Task prompt
Set down, exactly as written, the line containing "Traction engine at" and all the lines that follow it to the end of the entries below, omitting every picture.

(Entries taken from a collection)
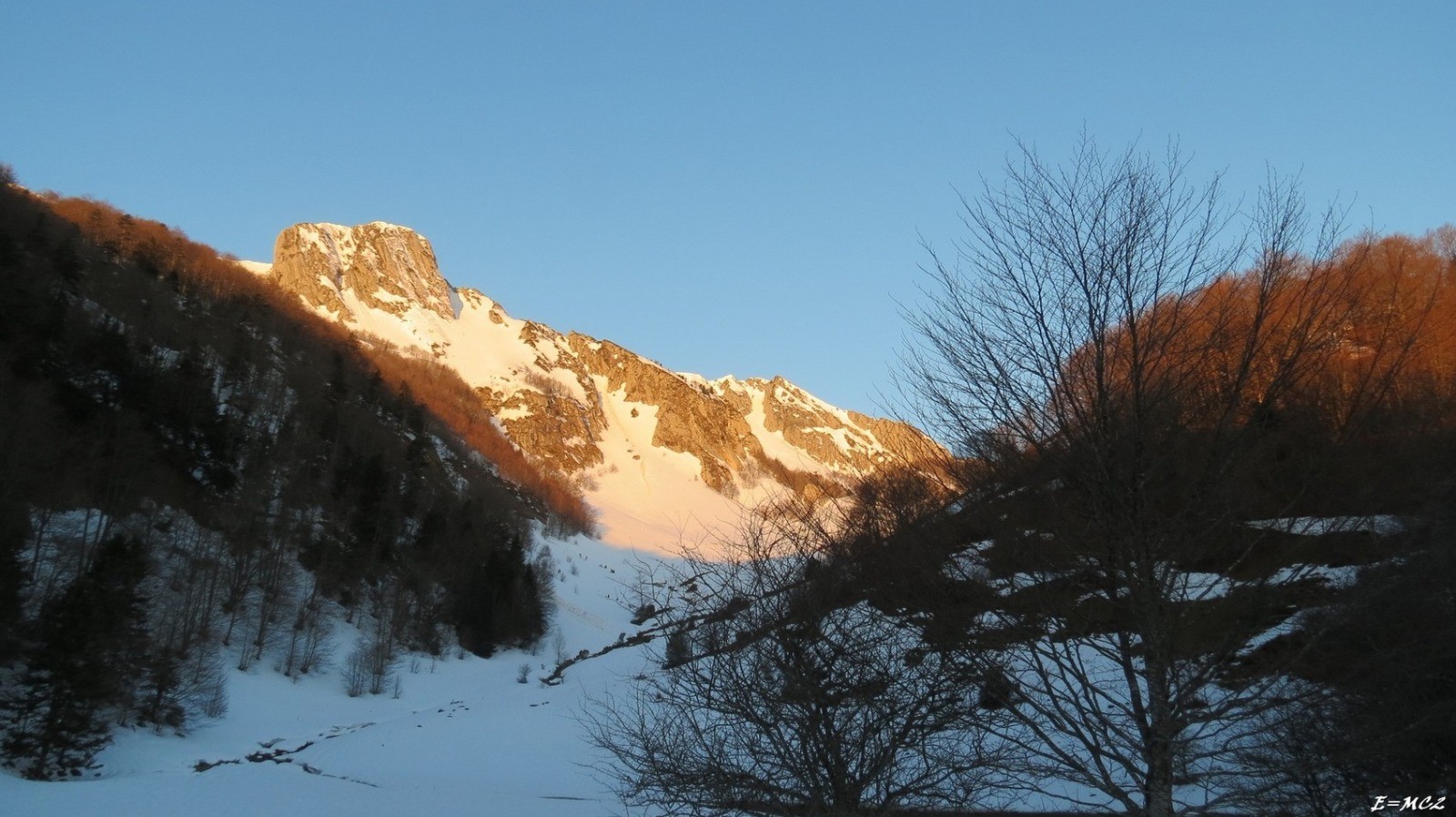Démarrer en entrant dans la carrière et en prenant tout de suite à droite, faire 150 mètres environ et tourner à gauche. Le sentier est facile à suivre jusqu'à la sortie de la forêt. Peu de temps après la sortie de la forêt, on arrive sur une sorte de plateau, ne pas suivre le balisage jaune et continuer vers l'ouest à remonter le vallon. Aux Fontaines de Congles laisser le sentier vers le Col d'Aran sur la gauche pour continuer tout droit jusqu'à un petit col, 1450 m. De ce col descendre sur une dizaine de mètres et rentrer sur la gauche dans le bois, quelques traces et cairns. Longer la basse d'une barre rocheuse et continuer dans le bois en diagonale ascendante. On en sort assez rapidement et l'arrivée au pied du couloir devient évidente. Malgré la date assez tardive et la faible altitude les conditions de neige étaient bonnes. Une fois sorti du couloir il reste quelques mètres pour finir au sommet. Pour le retour on peut passer par le Rocher d'Aran et le Col d'Aran. On peut aussi au pied du Rocher d'Aran couper dans les pentes d'herbe pour retrouver le chemin reliant le Col d'Aran aux Fontaines de Congles.
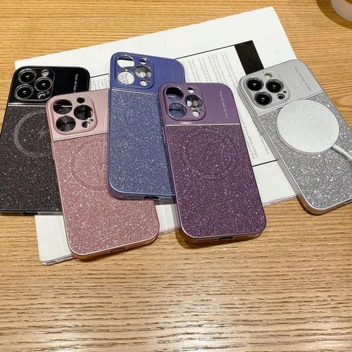 Funda de Teléfono Magsafe para iPhone 13 Pro Max a Prueba de Golpes con Polvo de Brillo Metálico Magnético (Púrpura)
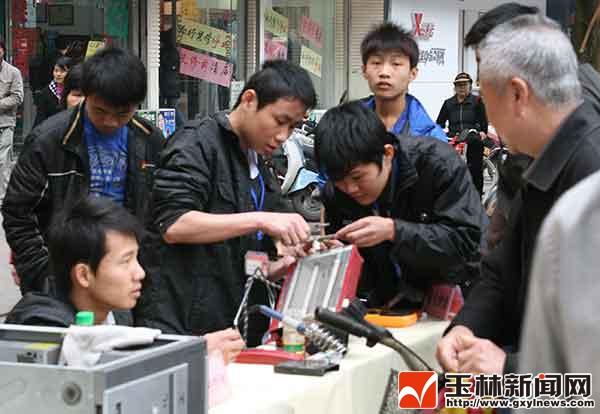 每逢双休日,在玉林城区人民东路,市民总能看到一支青年志愿者服务队的忙碌身影,他们在学校门口设立便民服务点,接收市民的故障电器,电磁炉、电饭煲、电风扇……送旧家电来维修的市民络绎不绝。这支队伍,就是广西玉林农业学校学雷锋家电义务维修小组,他们坚持13年接力学雷锋,用实际行动,践行着社会主义核心价值观。
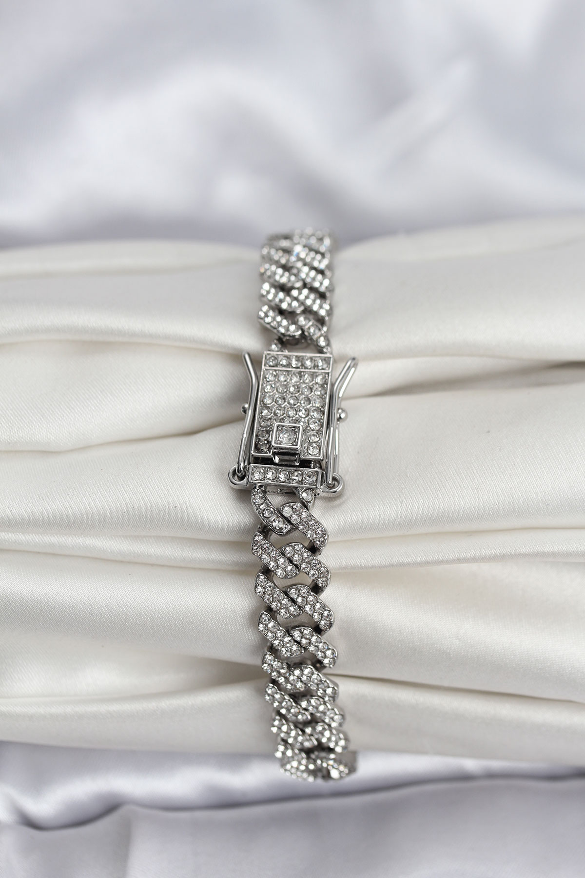 Gümüş Renk Pirinç Cuba Chain Gurmet Bileklik
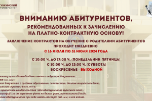 Заключение контрактов на обучение с родителями абитуриентов, рекомендованных к зачислению по внебюджетному набору (платно-контрактная форма обучения), проходит ежедневно с 16 по 31 июля 2024...
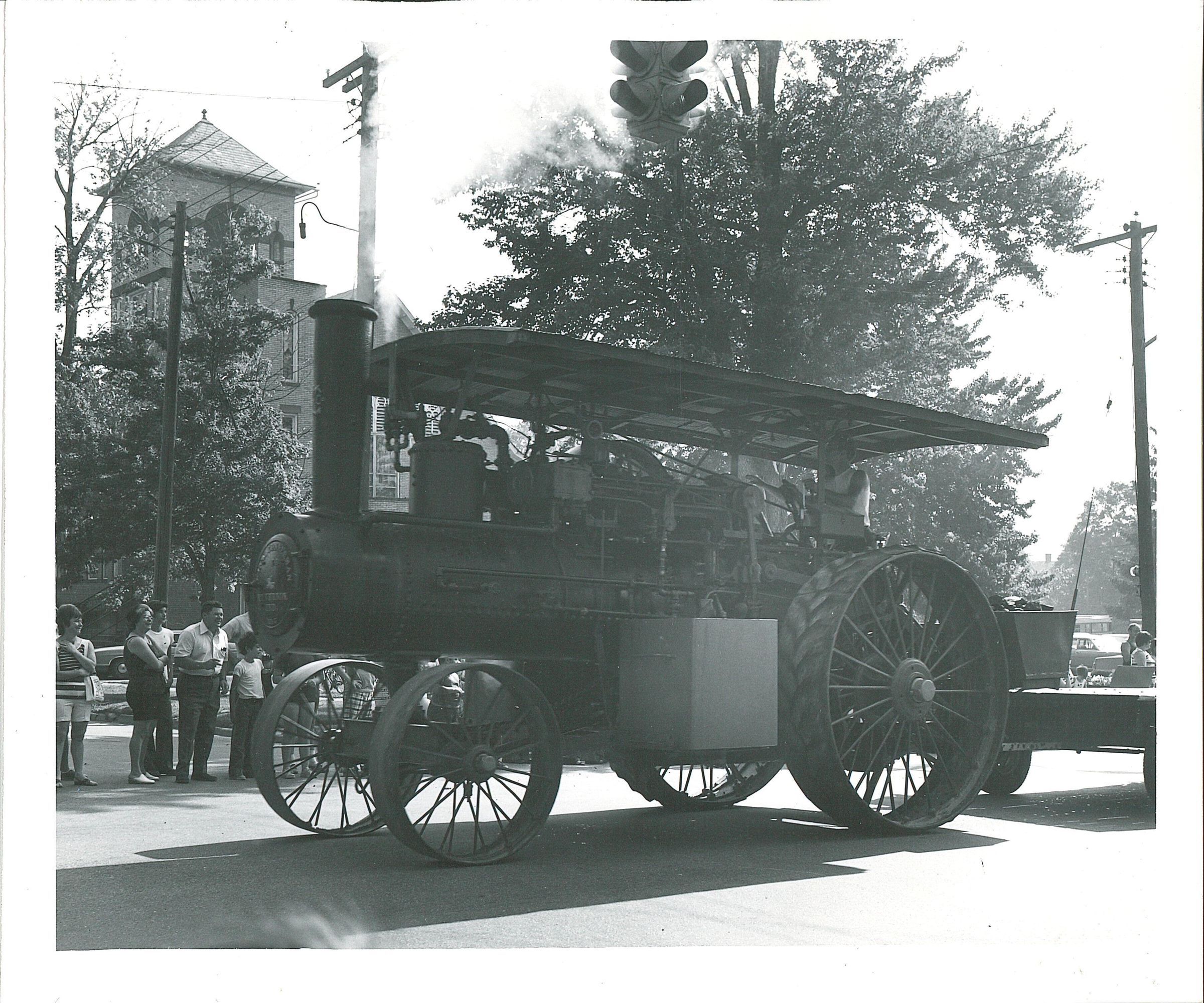 Traction engine at the intersection of East Broad Street and South Center Street. First Christian Church in the background. Part of the 1975 or 1976 Fourth of July Bicentennial parade.Collection
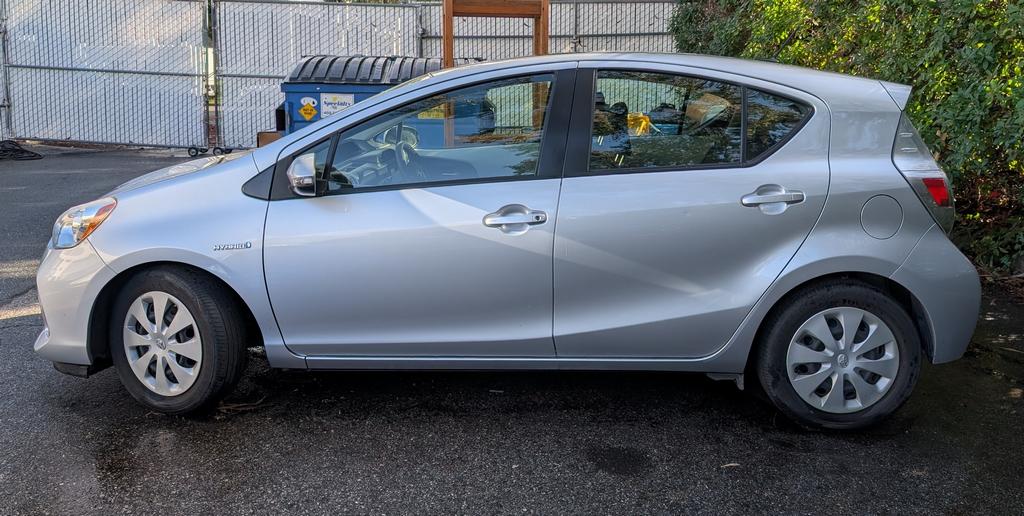 2013 Toyota Prius C Hybrid 4-door Hatchback. VIN: JTDKDTB36D1033199, License: 6XSR899, Odometer reading: 114937. (1.5L L4 DOHC 16V Hybrid Engine).

Output for this task
 Traction engine at the intersection of East Broad Street and South Center Street. First Christian Church in the background. Part of the 1975 or 1976 Fourth of July Bicentennial parade.Collection
 2013 Toyota Prius C Hybrid 4-door Hatchback. VIN: JTDKDTB36D1033199, License: 6XSR899, Odometer reading: 114937. (1.5L L4 DOHC 16V Hybrid Engine).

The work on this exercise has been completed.